Government intervention only exacerbates the problem.


Editor's Note: The following originally appeared on October 18, 2005 and, in light of current events, has been reprinted here for the benefit of the Minyanville community.

"The view that the consumer is helpless and needs protection by a benevolent government is expressed [by the consumer advisory council]. The view, once widely accepted in this country that competition forces business to serve the public is not even given token nod...The Constitution of the United States was based in part on the belief that people needed protection, primarily from the government, and that free, competitive enterprise was the most efficient engine for promoting the public good.

"At one time, the intellectual climate of this country placed the burden of proof for the necessity of interference with the market process on those who would interfere. Interference was presumed to be an error unless an overwhelming case could be made for it. In the present intellectual climate, the reverse is probably true-actions by the government to regulate business are presumed to be beneficent and the burden of proof is on those who oppose."

James Lorie
Minyanville's Why Wall Street Will Never Be the Same
As we watch Refco open at $1 just 2 months after issuing an IPO at $22, some might say we need more government regulation to solve this problem.

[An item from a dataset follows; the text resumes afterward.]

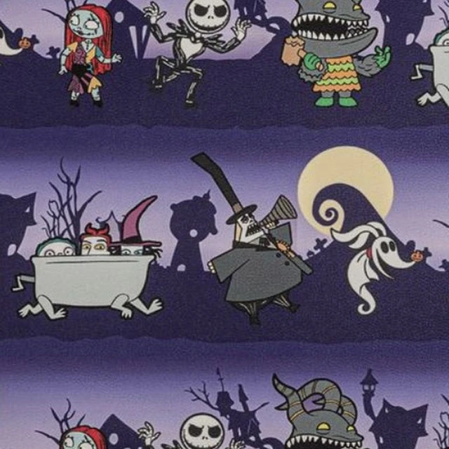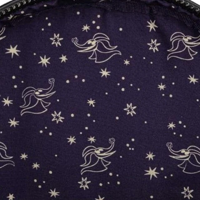 What’s this? What’s this? A totally enchanting, most magical Nightmare Before Christmas bag starring all the key characters from Tim Burton’s stop motion masterpiece. The Mayor, Sally, Jack, Lock, Shock, Barrel, Zero and Oogie Boogie all appear on this suitably spooky purple all over print. From Loungefly, the label behind the quirkiest, coolest Disney accessories! Made from premium faux saffiano leather. Exterior side pouch pockets and zipped front pocket. Adjustable padded shoulder straps and hanging loop. Interior lined with matching themed fabric. Vegan friendly. W: 23cm x H:27cm x D:11.5cm (approx).
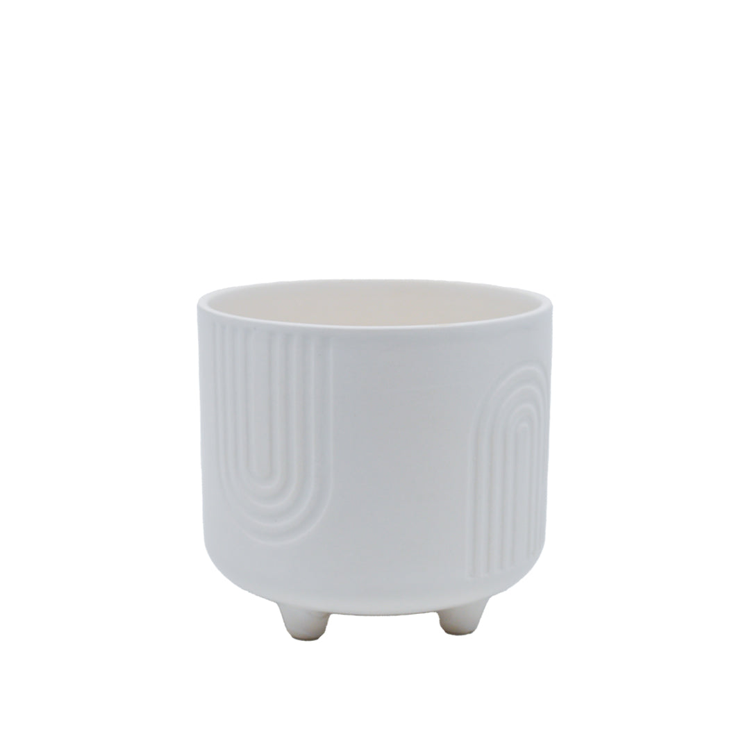 Ceramic planter with embossed details. The perfect modern addition to your coffee table or plant shelf.

First, let's look at the problem: Each quarter, Refco transferred almost half a billion dollars of debt off its books to a third party in order to make its balance sheet and returns on equity look much better than they really were. Goldman Sachs (GS) and CSFB, the 2 leading underwriters, failed to discover this chicanery; they failed in their fiduciary responsibility. Goldman and CSFB earned over $40 million in fees for their effort, or lack thereof.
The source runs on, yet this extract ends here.